Listed entries ->

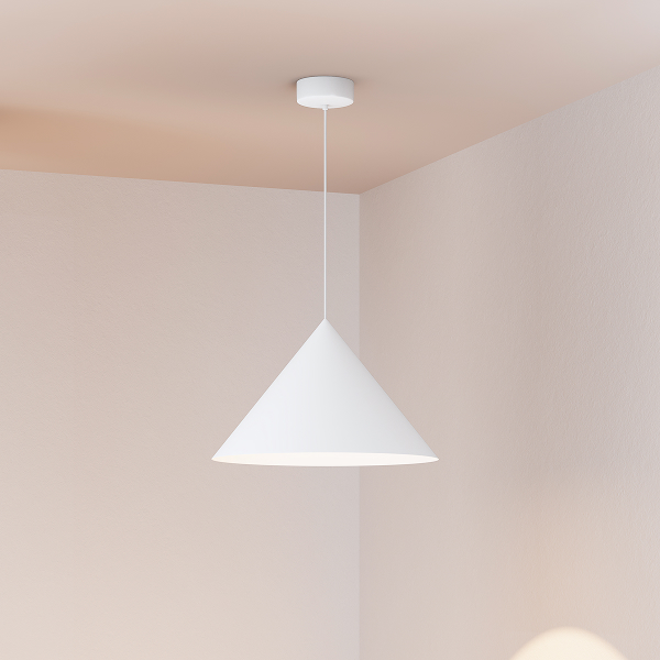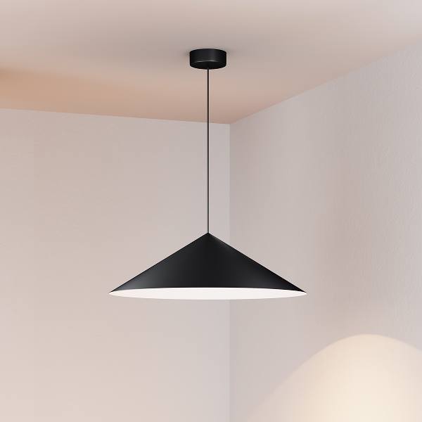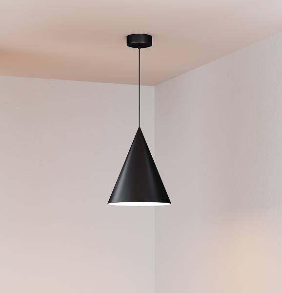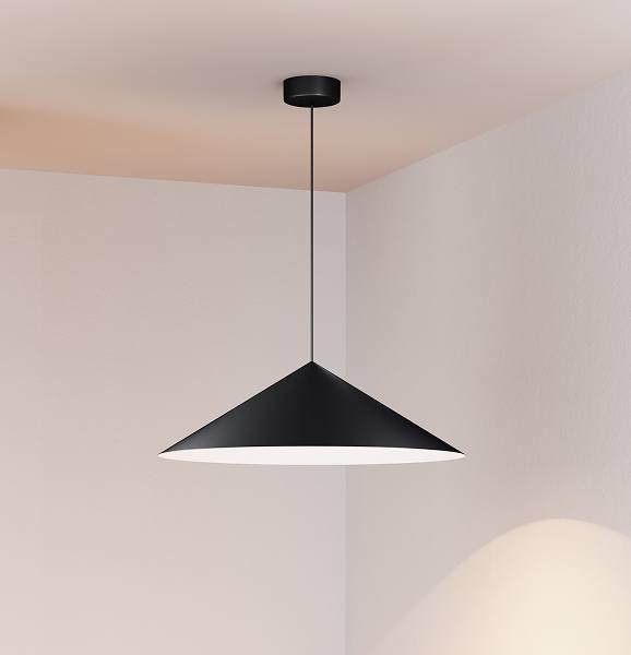 В комплекте со светильником идут два вида чаши — встраиваемая и накладная, поэтому его удобно монтировать в разные типы потолков (бетонные, ГКЛ, натяжные). Подвес длиной 2 м можно регулировать — светильник подойдет для помещений как с низкими, так и с высокими потолками.
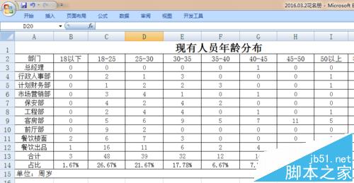 花名册或类似EXCEL应用,依靠公式自动生成相关信息,可以尽量避免手工输入和统计错误,同时可提高工作效率,实时掌握信息。其中,根据花名册,实时生成和掌握各部门在职人员的年龄分布。
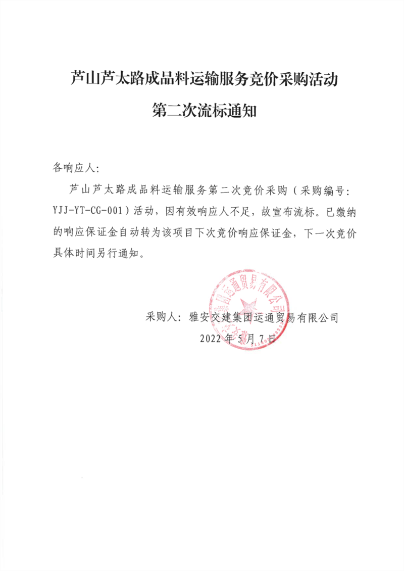 雅安交建集團(tuán)運(yùn)通貿(mào)易有限公司蘆山蘆太路成品料運(yùn)輸服務(wù)競價(jià)采購活動第二次流標(biāo)通知
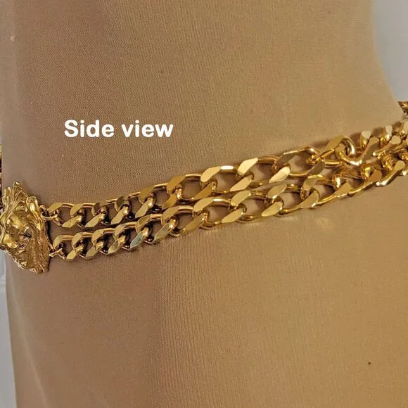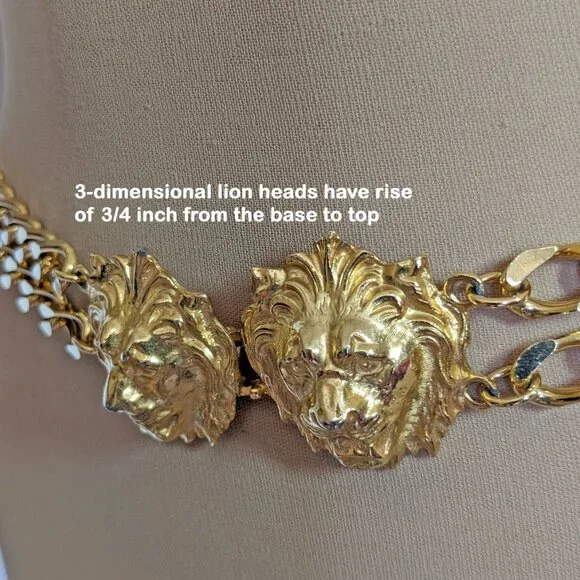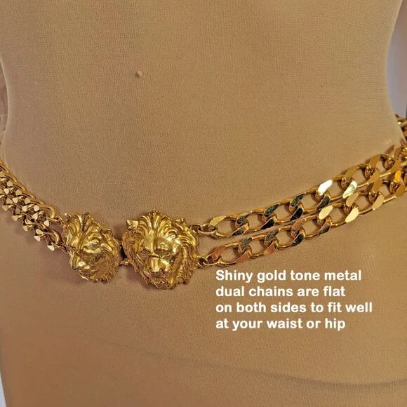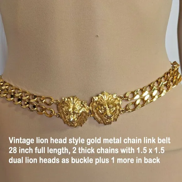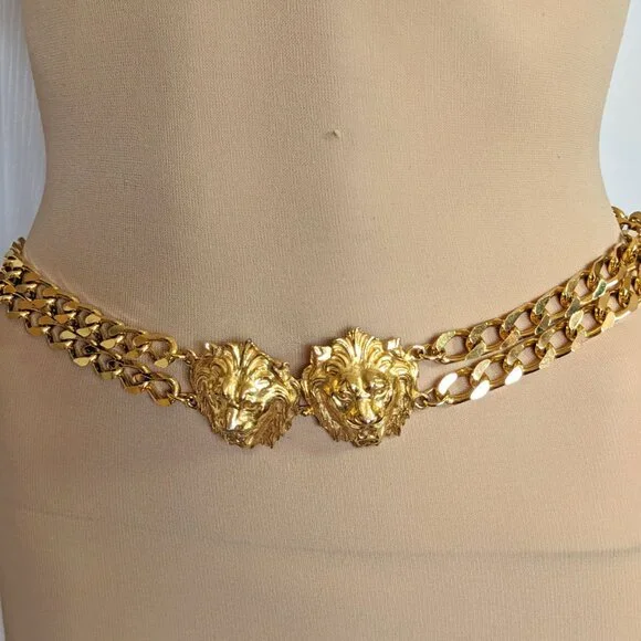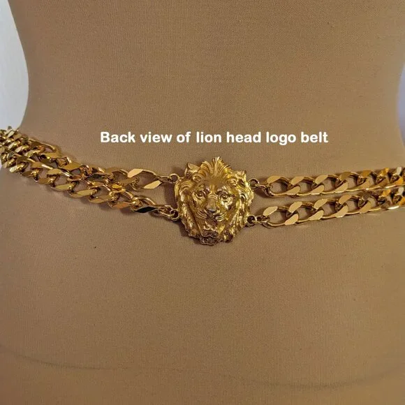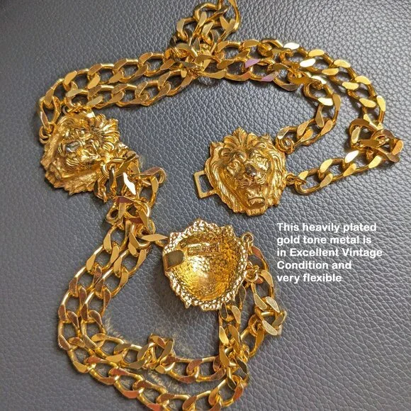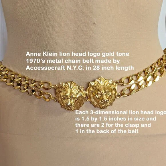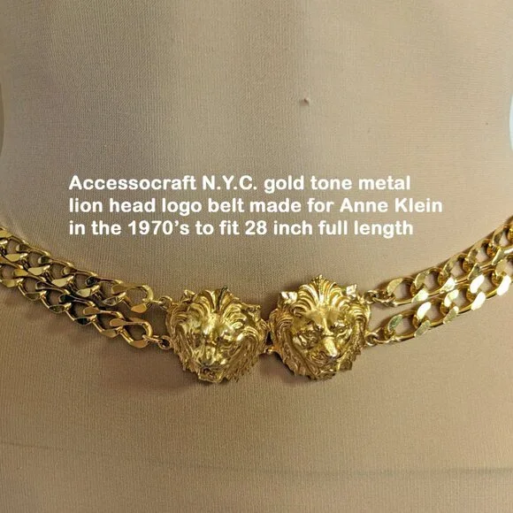 Beautifully made by Accessocraft N.Y.C., this Anne Klein lion head logo gold tone metal belt has 2 heavily plated chains and a set of 3-dimensional lion heads as the buckle. One more lion head accents the back of the belt. Each of the front lion heads are 1.5 by 1.5 inches, so when the belt is clasped the front will be 3 inches total.The dual 3/8 inch wide chains are flat on either side so they will hang fabulously at either your waist or hip. Extremely well made, with high quality metal, this chain is very flexible. The full weight of this belt is just over 10 ounces and it is so well designed that it feels just right when you wear it.As you can see from the photos, this belt is signed with the logo and copyright symbol on the reverse side of the belt buckle.I can attest to the age of this because I have owned and worn this versatile belt since the late 1970's when I bought it at Neiman Marcus. This unique belt is still in Excellent Vintage condition with absolutely no wear evident. The quality of the workmanship is proof of the material used for this belt.Accessocraft, a New York City-based jewelry company, was founded in the 1930s by Edgar Rodelheimer and Theodore Steinman. Initially known for manufacturing hardware for handbags and shoe buckles, Accessocraft later produced items for prominent designers like Anne Klein and Pauline Trigère. Please ask any questions before making your purchase.
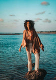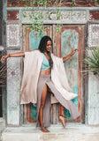 Proudly produced under Fair Trade working conditions, each garment is individually hand-painted in accordance with ancient batik practices. Any inconsistencies should not be considered as flaws, but as an integral part of the garment that confirm its beautiful hand made process. While slight color variations may occur due to the handcrafted nature of our pieces, rest assured that any unique difference is a testament to the beauty of the handmade process. With our commitment to quality and craftsmanship, you can trust that your kimono will maintain its vibrant colors and impeccable finish for years to come.
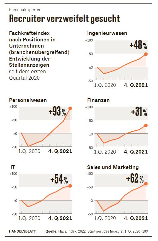 Verglichen mit Vor-Coronazeiten stiegen laut Hays die Stellenausschreibungen für Personaler im vierten Quartal 2021 um 93 Prozent. Die Nachfrage nach IT-Fachkräften kletterte im selben Zeitraum um 54 Prozent, im Ingenieurwesen waren es 48.
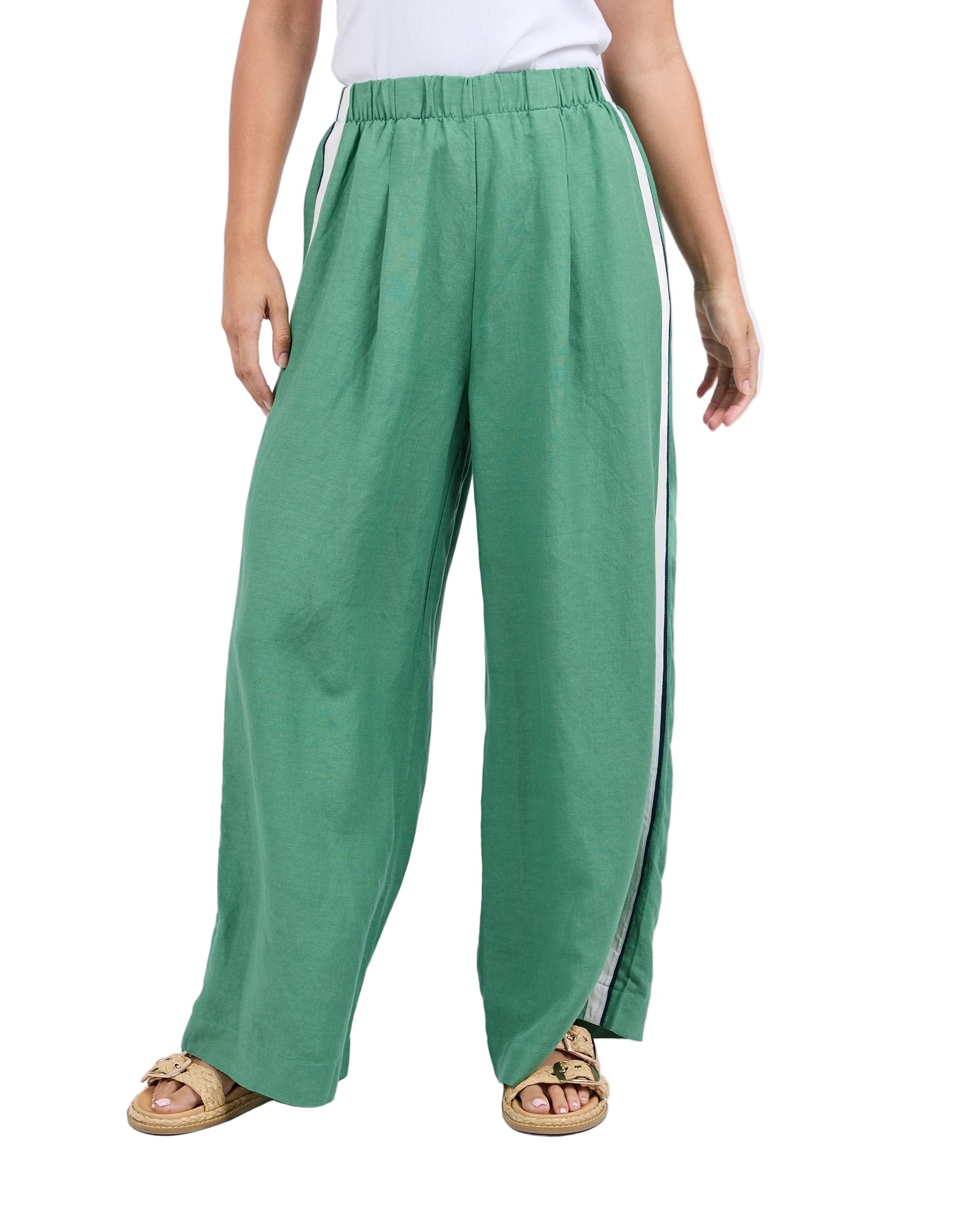 Move with ease in the Elemental Pant. Featuring sleek side tape details, an elastic waist for all-day comfort, handy side pockets, and a wide leg silhouette, these linen blend pants bring sporty style and effortless cool to your everyday look.
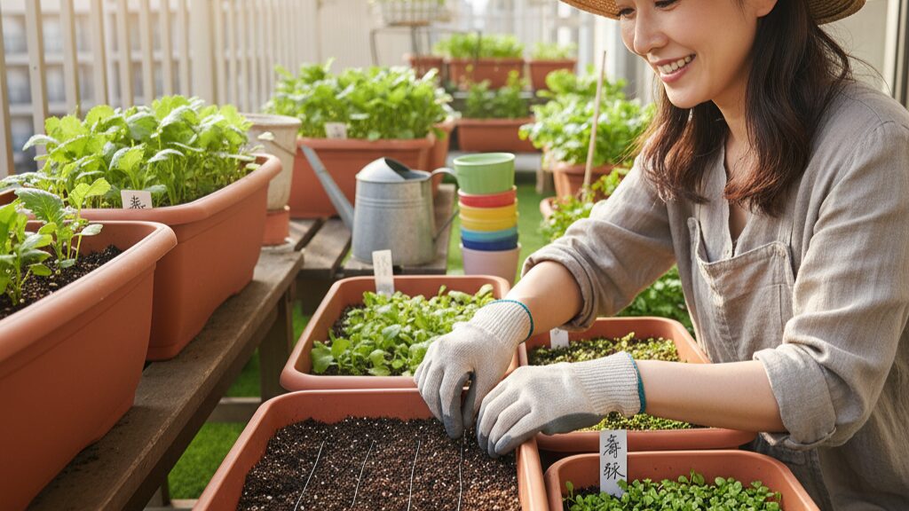 種まきの方法は、プランターの土に深さ1cm程度の溝を10cm~15cm間隔で作り、そこに種が重ならないように1cm間隔で丁寧に「すじまき」します。春菊の種は発芽に光を必要とする「好光性種子」なので、土を厚く被せすぎないのが最大のポイントです。種が隠れるか隠れないか程度のごく薄い土をかけ、手のひらで軽く押さえて土と種を密着させます。最後に、ジョウロなどで優しくたっぷりと水やりをすれば完了です。発芽までは約1週間から10日ほどかかりますが、その間は土の表面が乾かないように、こまめな水やりを心がけてください。
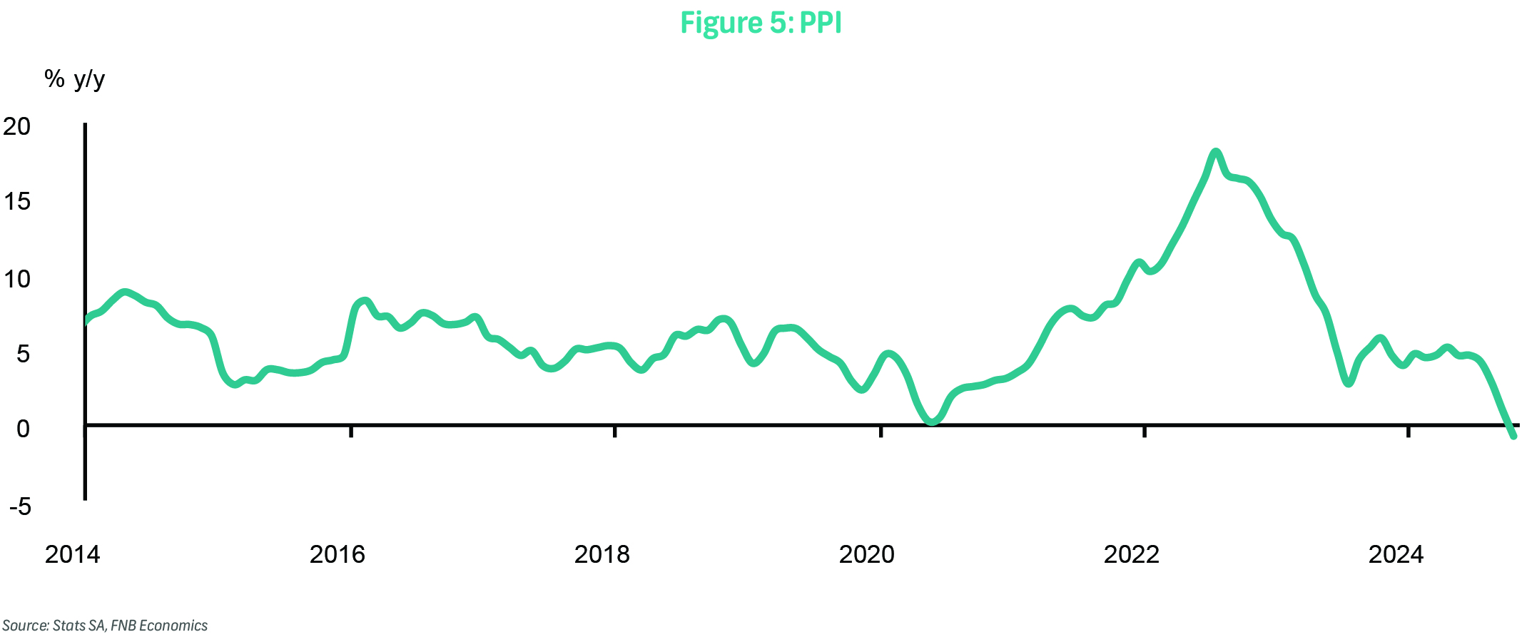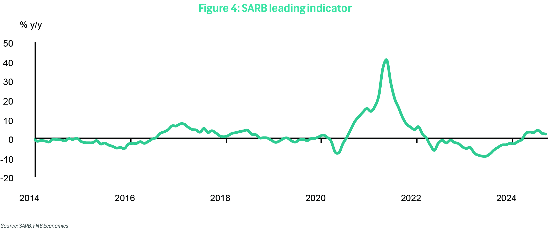 On Wednesday, the FNB/BER Consumer Confidence Index (CCI) will be released. In 3Q24, the CCI continued to improve, rising by seven index points to -5, marking the highest level in five years. The positive momentum was supported by factors such as the formation of a Government of National Unity, the absence of load-shedding, a stronger rand, lower inflation, and the implementation of the two-pot retirement system. Across income groups, high-income households saw the most significant improvement, followed by middle-income households. By contrast, sentiment among lower-income households backpedalled in 3Q24.

Exercise aim -> Apart from the images, retype the full material exactly as written.

Reply to the task ->
 В комплекте со светильником идут два вида чаши — встраиваемая и накладная, поэтому его удобно монтировать в разные типы потолков (бетонные, ГКЛ, натяжные). Подвес длиной 2 м можно регулировать — светильник подойдет для помещений как с низкими, так и с высокими потолками.
 花名册或类似EXCEL应用,依靠公式自动生成相关信息,可以尽量避免手工输入和统计错误,同时可提高工作效率,实时掌握信息。其中,根据花名册,实时生成和掌握各部门在职人员的年龄分布。
 雅安交建集團(tuán)運(yùn)通貿(mào)易有限公司蘆山蘆太路成品料運(yùn)輸服務(wù)競價(jià)采購活動第二次流標(biāo)通知
 Beautifully made by Accessocraft N.Y.C., this Anne Klein lion head logo gold tone metal belt has 2 heavily plated chains and a set of 3-dimensional lion heads as the buckle. One more lion head accents the back of the belt. Each of the front lion heads are 1.5 by 1.5 inches, so when the belt is clasped the front will be 3 inches total.The dual 3/8 inch wide chains are flat on either side so they will hang fabulously at either your waist or hip. Extremely well made, with high quality metal, this chain is very flexible. The full weight of this belt is just over 10 ounces and it is so well designed that it feels just right when you wear it.As you can see from the photos, this belt is signed with the logo and copyright symbol on the reverse side of the belt buckle.I can attest to the age of this because I have owned and worn this versatile belt since the late 1970's when I bought it at Neiman Marcus. This unique belt is still in Excellent Vintage condition with absolutely no wear evident. The quality of the workmanship is proof of the material used for this belt.Accessocraft, a New York City-based jewelry company, was founded in the 1930s by Edgar Rodelheimer and Theodore Steinman. Initially known for manufacturing hardware for handbags and shoe buckles, Accessocraft later produced items for prominent designers like Anne Klein and Pauline Trigère. Please ask any questions before making your purchase.
 Proudly produced under Fair Trade working conditions, each garment is individually hand-painted in accordance with ancient batik practices. Any inconsistencies should not be considered as flaws, but as an integral part of the garment that confirm its beautiful hand made process. While slight color variations may occur due to the handcrafted nature of our pieces, rest assured that any unique difference is a testament to the beauty of the handmade process. With our commitment to quality and craftsmanship, you can trust that your kimono will maintain its vibrant colors and impeccable finish for years to come.
 Verglichen mit Vor-Coronazeiten stiegen laut Hays die Stellenausschreibungen für Personaler im vierten Quartal 2021 um 93 Prozent. Die Nachfrage nach IT-Fachkräften kletterte im selben Zeitraum um 54 Prozent, im Ingenieurwesen waren es 48.
 Move with ease in the Elemental Pant. Featuring sleek side tape details, an elastic waist for all-day comfort, handy side pockets, and a wide leg silhouette, these linen blend pants bring sporty style and effortless cool to your everyday look.
 種まきの方法は、プランターの土に深さ1cm程度の溝を10cm~15cm間隔で作り、そこに種が重ならないように1cm間隔で丁寧に「すじまき」します。春菊の種は発芽に光を必要とする「好光性種子」なので、土を厚く被せすぎないのが最大のポイントです。種が隠れるか隠れないか程度のごく薄い土をかけ、手のひらで軽く押さえて土と種を密着させます。最後に、ジョウロなどで優しくたっぷりと水やりをすれば完了です。発芽までは約1週間から10日ほどかかりますが、その間は土の表面が乾かないように、こまめな水やりを心がけてください。
 On Wednesday, the FNB/BER Consumer Confidence Index (CCI) will be released. In 3Q24, the CCI continued to improve, rising by seven index points to -5, marking the highest level in five years. The positive momentum was supported by factors such as the formation of a Government of National Unity, the absence of load-shedding, a stronger rand, lower inflation, and the implementation of the two-pot retirement system. Across income groups, high-income households saw the most significant improvement, followed by middle-income households. By contrast, sentiment among lower-income households backpedalled in 3Q24.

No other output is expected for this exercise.